Introduction to VTR3

Alec Krawciw edited this page Feb 20, 2024 · 4 revisions

Note: This section is still under construction and may not be consistent with the latest codebase state.

VT&R3 is a navigation system designed to enable long-range and and long-term autonomous route-following in unstructured, three-dimensional (3D) environment using on-board computation resources and sensors such as stereo-camera, LiDAR, RaDAR and/or GPS. As suggested by its name, VT&R3 mainly involves two phases: the teach phase and the repeat phase.

  • Teach phase: The robot is driven manually along the desired route, and the system builds up online a map of the environment. The map construction can be from scratch or on top of an existing map.
  • Repeat phase: Given a target location on any of the previously taught route, the robot plans a route to this target location using any portion of the taught route and then drives autonomously along the planned route by localizing within its own map. A route can be followed immediately after teaching, no offline processing is required.
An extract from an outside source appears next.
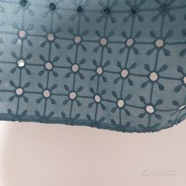 Camicia blusa Emme Marella pizzo San Gallo color ottanio. Elastico al collo e alle maniche. Taglia 46. Lunga cm 56, distanza da ascella ad ascella cm 56

Relative Navigation and Multi-Experience Localization

Relative Navigation for Long-Range Autonomy

VT&R3 follows a relative navigation framework through which it is unnecessary to either express the robot's pose in any global reference frame or build a globally consistent map of the environment. Relative navigation is achieved by representing the environment map via a relative pose graph, where each vertex defines a local frame with an attached metric map, and edges store transformations between adjacent frames. Robot pose estimation in VT&R3 is performed with respect to the estimated closest local frames (see TODO for details). Relative navigation prevents unbounded error growth of purely relative motion estimation from odometry and is thereby the key to enable accurate long-range route following.

Multi-Experience Localization for Long-Term Autonomy

Outdoor environments are subject to continuous structural and appearance changes, which typically causes challenge in map-based localization over long horizon in time. VT&R3 addresses this problem by repeatedly mapping the environment during repeat phases in addition to the initial teach phase, storing all maps in a consistent manner using an extended pose graph structure named Spatio-Temporal Pose Graph (STPG), and composing, online, a joint map from multiple traversal experiences of the environment for localization. Multi-Experience Localization in VT&R3 allows intermidiate experiences from repeats to be used as a "bridge" between the live run and the priviledged experience from teach, and therefore, to a great extent, avoids localization failure over long-term.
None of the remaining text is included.